McDonald represents House District 134, an all-island district that stretches eastwards from Penobscot Bay to Mount Desert Island and includes the towns of Southwest Harbor, Tremont, the Cranberry Islands, Frenchboro, Swan’s Island, Isle au Haut, Vinalhaven, North Haven and, of course, Deer Isle and Stonington.
While she is concerned about the unique issues faced by residents on Maine’s “unbridged” islands, as a fisherman, McDonald has gone lobstering for 14 years, she is especially interested in the future of Maine’s lobster fishery. And no wonder.
In the 2017 Fisheries of the United States report published last week by the National Oceanic and Atmospheric Administration, lobster was again the most valuable single-species fishery in the nation. Last year, U.S. landings of American lobster topped $550 million, with more than three-quarters of that — some $423 million — landed in Maine harbors.
According to the Department of Marine Resources, during the past five years, the leading Maine port in terms of the landed value of its lobster fishery has been Stonington with Vinalhaven in second place since 2104. Both towns are in McDonald’s district.
On Dec. 5, McDonald submitted her first bill to the 129th Legislature, “An Act to Encourage Youth Participation in the Maine Lobster Fishery.” The legislation remains to be drafted in final form, McDonald said, but its aim is “to help students without access to a fishing boat” learn what lobstering is all about.
Under current law, a youngster on a lobster boat isn’t allowed to handle anything unless they are counted as a sternman under the boat captain’s Class II or Class III lobster fishing license. “They can watch but they can’t touch,” McDonald said.
Her proposed bill would exempt a person 12 or younger from needing to be covered by the captain’s license in order to band a lobster, fill a bait bag or pull critters out of a trap.
The idea for the bill grew out of McDonald’s personal experience.
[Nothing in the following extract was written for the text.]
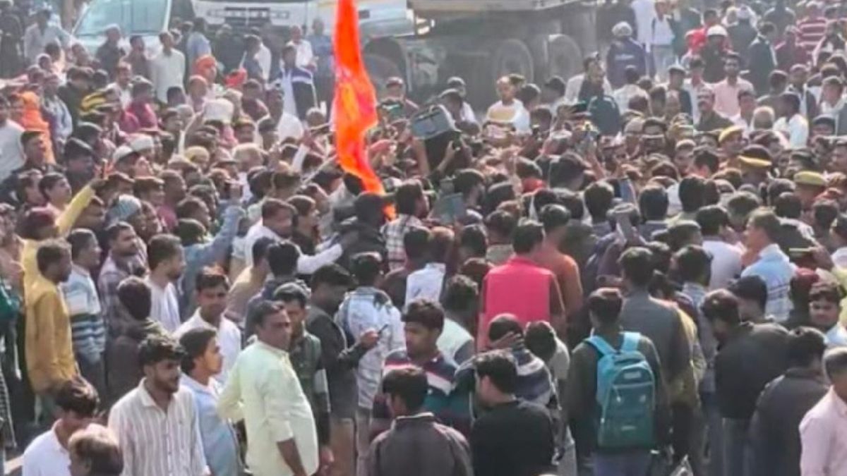 हिंदू किशोरी से दुष्कर्म के बाद उसका वीडियो प्रचलित करने की घटना के बाद थाना सुमेरपुर के सामने कानपुर सागर हाईवे पर जाम लगाकर प्रदर्शन करते लोग

In the winter, she works with young students in the Deer Isle school who are curious about the fishery that is a central feature of the community they live in but whose families are not engaged in lobster fishing. Many of those children have no easy way to get aboard a boat and actually experience what the fishery is really like.
That was brought home last summer, McDonald said, when she took her sister-in-law, Leslie Rice, and 10-year-old nephew Jackson out for a day trip on her lobster boat, Hello Darlings II. Jackson was excited to be aboard but “he couldn’t touch anything,” McDonald said. “He was worried about being caught.”
While acknowledging that enforcement of this rule doesn’t seem to be a Marine Patrol priority, McDonald said the current rule can be a burden for captains of smaller boats with only a single crew who would be “happy to take a kid out to band lobsters and learn about fishing,” but might have to leave their sternman at home while the child became the one helper allowed onboard under a Class II license.
As of last Friday, McDonald’s proposed bill had yet to be assigned a Legislative Document (LD) Number, required before it can be assigned to the Marine Resources Committee for consideration. Because it was one of the earliest bills filed, McDonald said, all that should happen “relatively soon.”
With any luck, it may well happen in time for Jackson to get his hands dirty aboard his aunt’s boat if he wants to next summer.